In Anbetracht der geplanten EU-weiten Plastiksteuer weist Greenpeace auf die überdurchschnittlich hohe Menge Kunststoffmüll pro Kopf in Österreich im EU-Vergleich hin. Österreichweit fallen jährlich laut EU-Statistik pro Kopf 42 Kilogramm Plastikmüll an. Das sind 24 Prozent mehr als der europäische Durchschnitt. Lediglich drei EU-Mitgliedsstaaten - Italien, Belgien und Luxemburg - produzieren noch mehr Plastikmüll pro Kopf als Österreich. Auch die Recyclingbilanz in Bezug auf Plastikmüll fällt nicht zufriedenstellend aus; so wird hierzulande nur etwa ein Drittel des Plastikmülls wiederverwertet. Die geplante Plastiksteuer von 80 Cent pro Kilogramm nicht recycelten Plastik-Verpackungsmülls wird Österreich damit ab 2021 rund 160 Millionen Euro im Jahr kosten.

EU-weit liegt Österreich beim Recycling auf dem 22. Rang von 28 Mitgliedsstaaten, womit sich Österreich innerhalb von zehn Jahren um 13 Plätze verschlechtert hat.
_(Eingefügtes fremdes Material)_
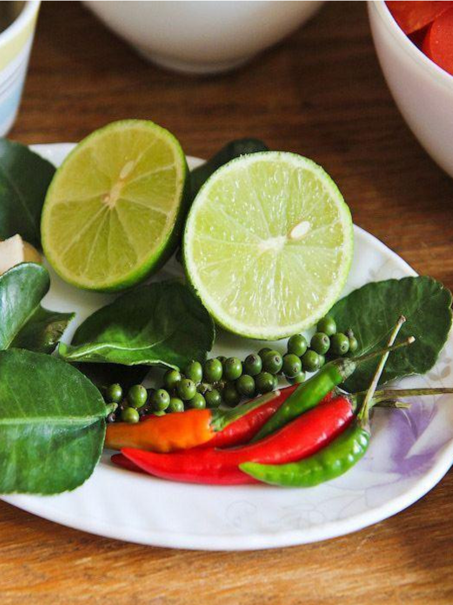 Добавьте куриный бульон, лемонграсс, листья каффир-лайма, рыбный соус и сахар. Доведите до кипения.
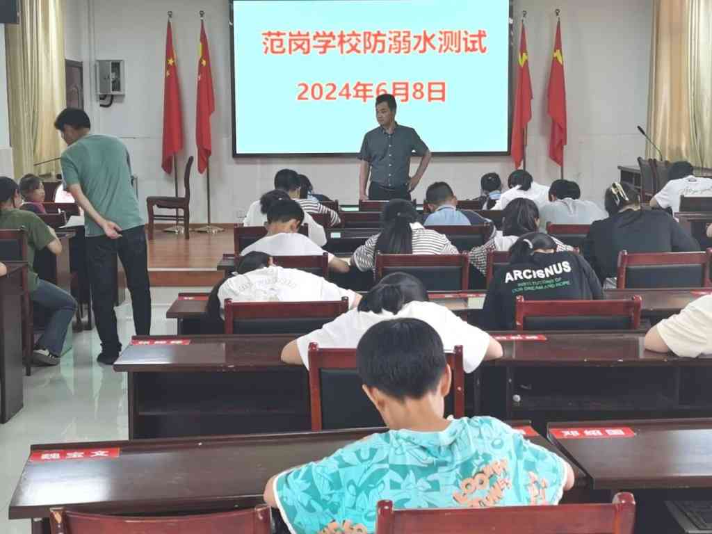 ~ 在此次测试之前,该校对防溺水知识进行了全方位的宣传:在班级张贴防溺水安全知识宣传画;老师每天在放学时强调防溺水等安全知识;各班通过班会宣传防溺水及自救知识;向家长发放《防溺水致家长一封信》;防溺水集体签名……这些都为此次竞赛做好了充分的准备。此次竞赛对象是三—九年级学生,每班随机抽4名学生,共52人,统一集中在会议室答题。测试内容包括填空题和简答题两大类。从答题的结果看,绝大部分学生都能很好地掌握这些知识。

Noch immer werden hierzulande 67 Prozent der Plastikverpackungen nach meist einmaligem Gebrauch verbrannt. Ein großer Teil der weggeworfenen Plastikverpackungen besteht aus sogenannten Verbundstoffen – also aus mindestens zwei verschiedenen Werkstoffen, die vollflächig miteinander verbunden sind und deshalb nicht oder nur sehr schwer recycelt werden können. Seit 1995 sinkt der Marktanteil an Mehrwegflaschen in Österreich rapide: Lag er damals noch bei rund 80 Prozent, erreichte er 2019 nur noch 19 Prozent.

Jährlich werden im Inland 50 Prozent mehr Plastikflaschen konsumiert als im EU-Durchschnitt. Nur 34 Prozent der weggeworfenen PET-Flaschen werden wieder zu Lebensmittelverpackungen recycelt. „Österreich stellt sich gerne als Vorreiter in Sachen Recycling dar. Ein genauer Blick auf die Zahlen zeigt jedoch, dass die Entwicklung bei Kunststoff blamabel ist“, sagt Panhuber. „Die niedrige Recycling-Quote zeugt auch von den Grenzen der Technologie: Nur indem wir vermeiden und wiederverwenden, können wir das Plastikproblem in den Griff kriegen. Darum gehört auch die Mehrwegflasche zurück ins Supermarktregal.“

Mehrweg bei Getränkeverpackungen sei der beste und umweltfreundlichste Weg aus der Plastikkrise, so Greenpeace. Mehrwegflaschen werden zurückgenommen, gewaschen und bis zu 40-Mal wiederbefüllt. Bei Einweg-Plastikflaschen werden hingegen nur knapp 28 Prozent überhaupt wieder zu Flaschen recycelt, der Rest wird größtenteils verbrannt oder zu Folien und Fasern verarbeitet.